← Home

World Model Drift Detection in Multiplayer Environments:
A CLIP-Based Approach

Alec Yiu, Ryan Po1, Gordon Wetzstein1

1Stanford University

Look at the wall HARDER, you may drift!

Intro

World models drift, from game simulation (GameNGen, Oasis), autonomous driving (GAIA-1, Vista), robotics (UniSim, Genie, DVA), they generate long enough and prediction errors compound until the output no longer matches reality. The usual response is to extend the context window or compress memory more efficiently.

Let's takes a different approach: instead of preventing drift, detect it. And what you do after is another question. Steer the next frame? Reset? Integrate it inside the loss function...

The testbed is a multiplayer Doom world model (MultiGen [1]) with shared state memory for multiple players & one consistent world. Drift here is especially destructive because one player's divergence corrupts the shared state for everyone.

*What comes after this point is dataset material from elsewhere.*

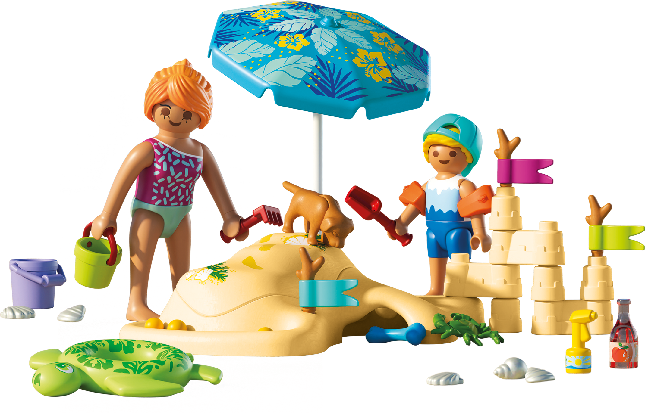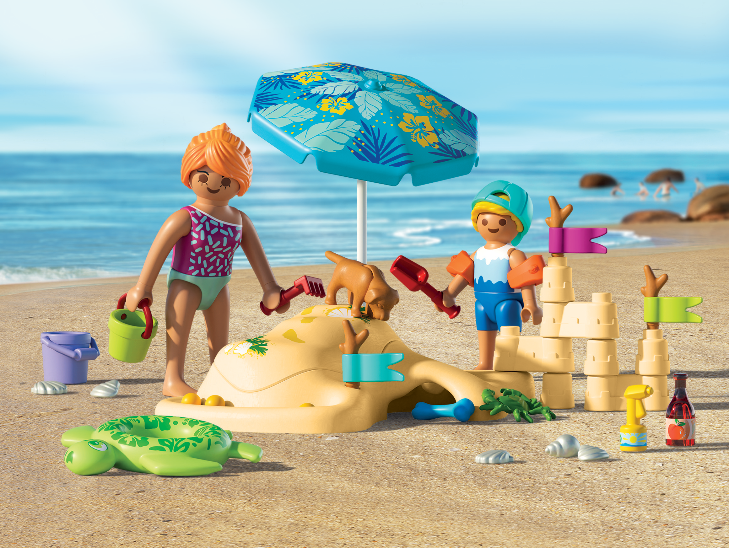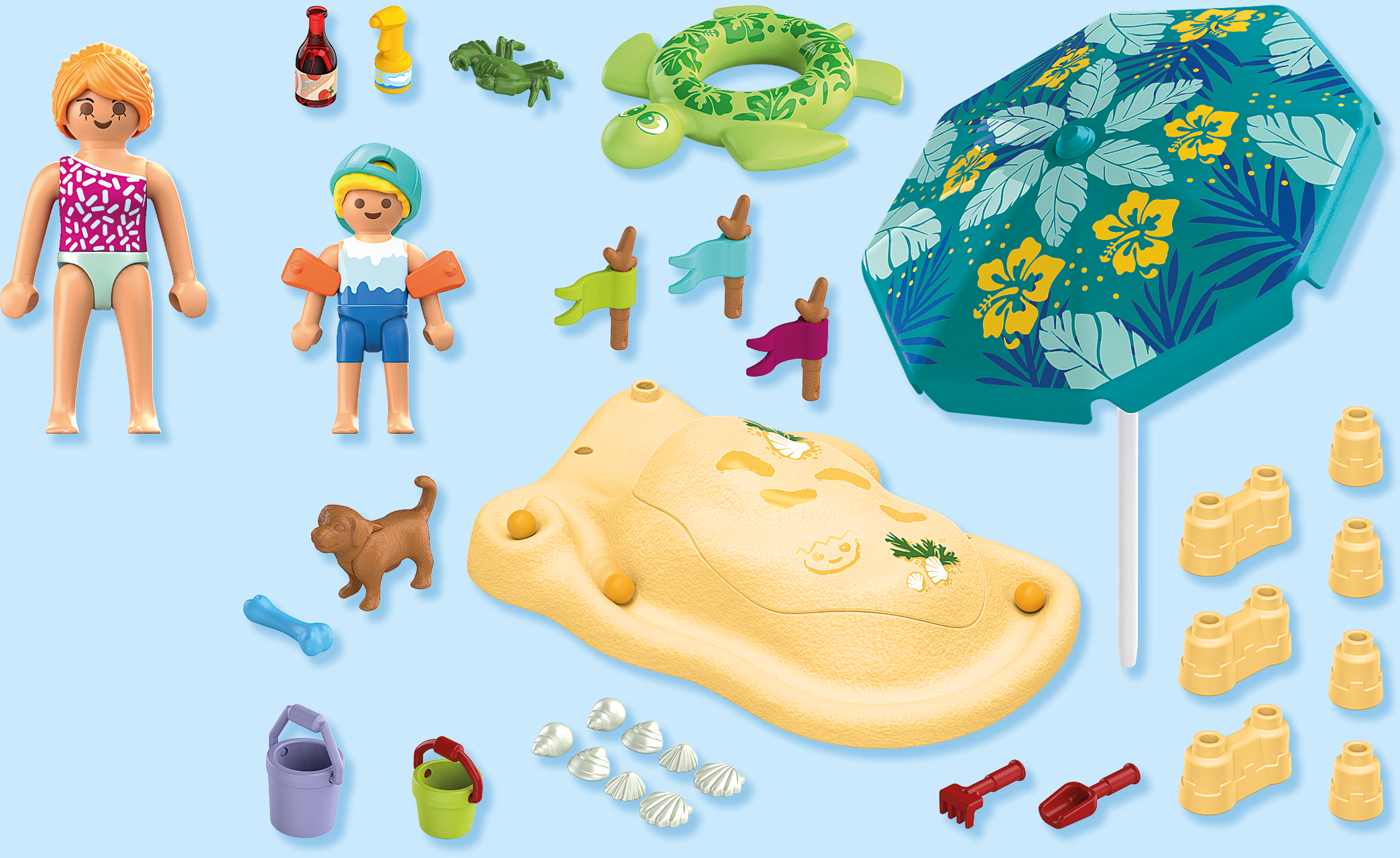 Contenido: 1 mujer, 1 niño con gorra, 1 perro, 1 cangrejo, 1 elemento de playa con tapa extraíble y elementos individuales para castillos de arena, 1 sombrilla, 3 banderas en una rama, 3 canicas, 1 juego de conchas, 1 botella de bebida, 1 crema solar, 1 cubo con pala y rastrillo, 1 aro de natación y alas acuáticas
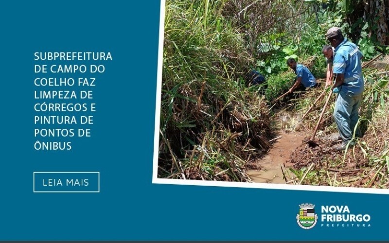 A Prefeitura de Nova Friburgo, através da Subprefeitura de Campo do Coelho, segue com trabalho intenso em toda a grande área do 3º distrito. Equipes estão sendo mobilizadas pelo subprefeito Amarílio Salarini para a desobstrução de dois córregos e para a pintura dos pontos de ônibus.

The detector borrows from CLIP [2]: match image latents to map coordinates via contrastive learning. Low cosine similarity means the frame doesn't belong at that player's view. Small model, thousands of frames per second at inference, idea applicable to any world model conditioned on position or pose.


Results

To demonstrate the detector's behaviour on held-out test data, each video isolates one variable to show what the model is actually sensitive to.

Detecting image latent drift (Varying the input latent)

Fix the position to the ground truth. Walk through a segment of frames, from the GT frame, moving around, and returning to GT. The OOD score stays low near the GT frame (where the latent actually matches the position) and rises as the latent drifts further away in the episode. This is the primary use case: detecting when the world model's output no longer matches where the player is.

Detecting position drift (Varying the position)

Fix the image latent to the ground truth frame. Move the position in a spiral outward from GT, then sweep yaw ±90°. The OOD score correlates with the displacement, rising as position diverges and returns to baseline when the position comes back. The yaw sweep shows the model is also sensitive to orientation, not just XY.


Architecture

CLIP [2]-style dual encoder. Two independent encoders project into the same embedding space. The cosine similarity between them is the matching score after spatial calibration.

1. Contrastive pre-training for frame-position matching
Contrastive pre-training for frame-position matching
2. Real-time drift scoring during world model generation
Real-time drift scoring during world model generation

Latent encoder

Takes the image latent from the world model's VAE. A strided convolution patchifies it into a token grid. Register tokens are added in the transformer as dedicated slots for global information (like DINOv2 [4] did). A few transformer layers then process the tokens with:

Global average pool over spatial tokens (registers excluded), project, L2 normalise to ensure only the direction is compared.

Position encoder

Takes (x, y, yaw) and encodes it with sinusoidal positional encoding at log-spaced frequencies:

Then uses MLP to map this to the same embedding space as the latent encoder. Position is only 3 DoF, so over-parameterising will lead to memorising rather than generalising smooth spatial relationships.

Loss

Symmetric InfoNCE (CLIP [2]'s contrastive loss). Each latent should match its own position and vice versa. The similarity matrix is latent_emb @ position_emb.T * τ where τ is a learned temperature scalar that controls how sharp the softmax is. It initialised at ~14 and grew to ~35 during training as the embeddings became more discriminative. Embeddings are gathered across all GPUs so every sample in the batch is a negative for every other sample. More negatives means sharper gradients and a harder problem to solve, which makes better generalisation.


Noise Invariance

The model learns the semantic content of a frame, so the room, the wall, and direction instead of the rendering quality! The contrastive objective forces the encoder to extract position-relevant structure and discard everything else. Even with visibly strong distortions, the score is still in-distribution.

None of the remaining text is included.